#### THE TASK:
With the pictures omitted, transcribe each line below exactly as it is.

#### COLLECTED MATERIAL:
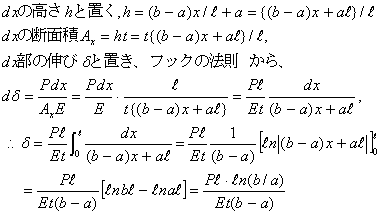 図に示す厚さtの台形板に引張荷重Pが作用した場合に生ずる伸びを求める。ただし、ヤング係数をEとする。
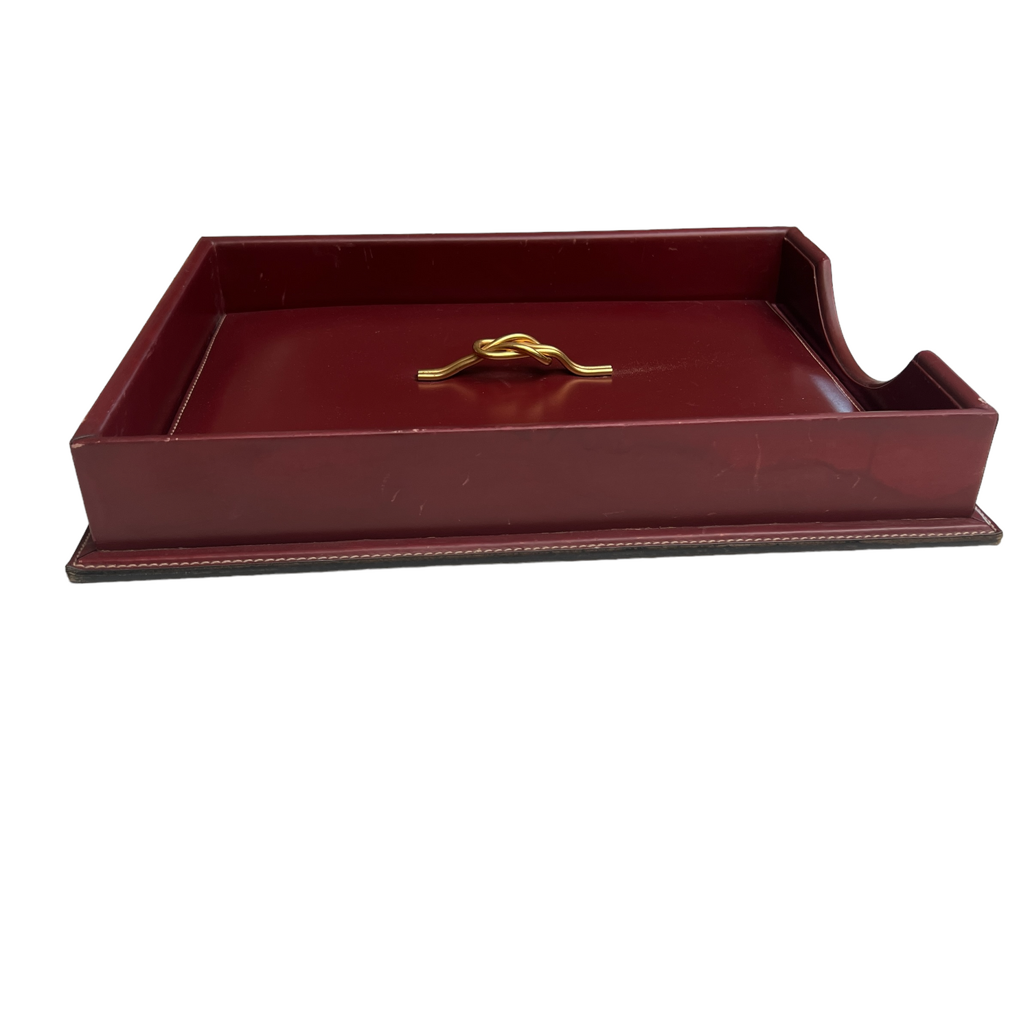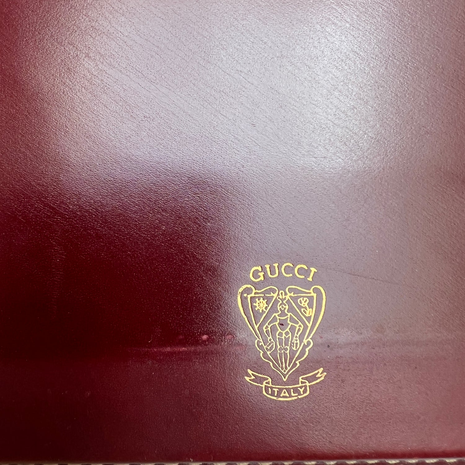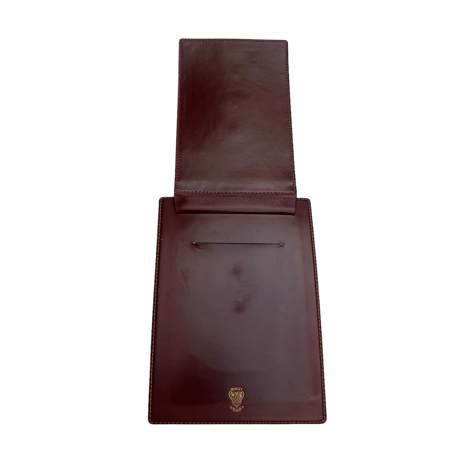 Gucci vintage desk set. Paper tray, block note, pen holder. Burgundy leather. Gold-tone hardware.
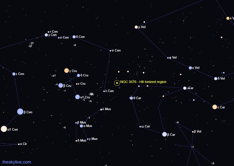 NGC 3576 is a favourite among astrophotographers and observers located in the Southern Hemisphere, where it appears high in the night sky during the late summer and autumn months. Situated in the Carina constellation, it lies near celestial landmarks such as Eta Carinae and the Carina Nebula complex, a rich region of interstellar wonder.
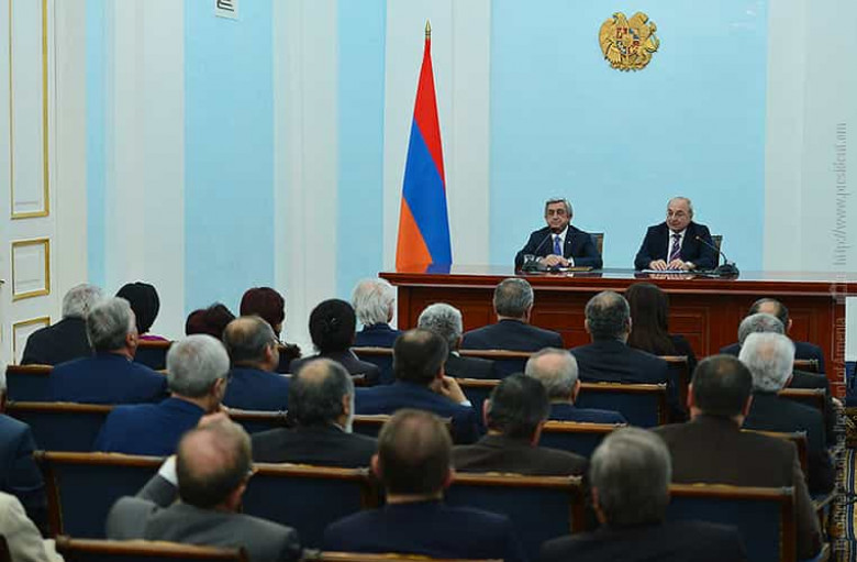 Նախագահ Սերժ Սարգսյանն այսօր հանդիպում է ունեցել Հանրային խորհրդի անդամների հետ: Հանրապետության Նախագահը պատասխանել է խորհրդի անդամներին հետաքրքրող բազմաբնույթ հարցերին, լսել նրանց առաջարկություններն ու կարծիքները հասարակությանն այսօր հետաքրքրող և մտահոգող մի շարք հարցերի վերաբերյալ, ներկայացրել իր մոտեցումները: ՀՀ Նախագահին ուղղված հարցերը վերաբերել են ինչպես ս.թ. ապրիլի սկզբին Լեռնային Ղարաբաղի հակամարտության շփման գծում տեղի ունեցած իրադարձություններին, այդ օրերին հայկական բանակի գործողություններին, Հայաստան-Արցախ-Սփյուռք համախմբվածությանը, այնպես էլ ՀՀ արտաքին և ներքին քաղաքականությանը, ԼՂ հիմնախնդրի բանակցային գործընթացի հեռանկարին, համահայկական ներուժի համախմբմանը:

#### RESPONSE AREA:
 図に示す厚さtの台形板に引張荷重Pが作用した場合に生ずる伸びを求める。ただし、ヤング係数をEとする。
 Gucci vintage desk set. Paper tray, block note, pen holder. Burgundy leather. Gold-tone hardware.
 NGC 3576 is a favourite among astrophotographers and observers located in the Southern Hemisphere, where it appears high in the night sky during the late summer and autumn months. Situated in the Carina constellation, it lies near celestial landmarks such as Eta Carinae and the Carina Nebula complex, a rich region of interstellar wonder.
 Նախագահ Սերժ Սարգսյանն այսօր հանդիպում է ունեցել Հանրային խորհրդի անդամների հետ: Հանրապետության Նախագահը պատասխանել է խորհրդի անդամներին հետաքրքրող բազմաբնույթ հարցերին, լսել նրանց առաջարկություններն ու կարծիքները հասարակությանն այսօր հետաքրքրող և մտահոգող մի շարք հարցերի վերաբերյալ, ներկայացրել իր մոտեցումները: ՀՀ Նախագահին ուղղված հարցերը վերաբերել են ինչպես ս.թ. ապրիլի սկզբին Լեռնային Ղարաբաղի հակամարտության շփման գծում տեղի ունեցած իրադարձություններին, այդ օրերին հայկական բանակի գործողություններին, Հայաստան-Արցախ-Սփյուռք համախմբվածությանը, այնպես էլ ՀՀ արտաքին և ներքին քաղաքականությանը, ԼՂ հիմնախնդրի բանակցային գործընթացի հեռանկարին, համահայկական ներուժի համախմբմանը:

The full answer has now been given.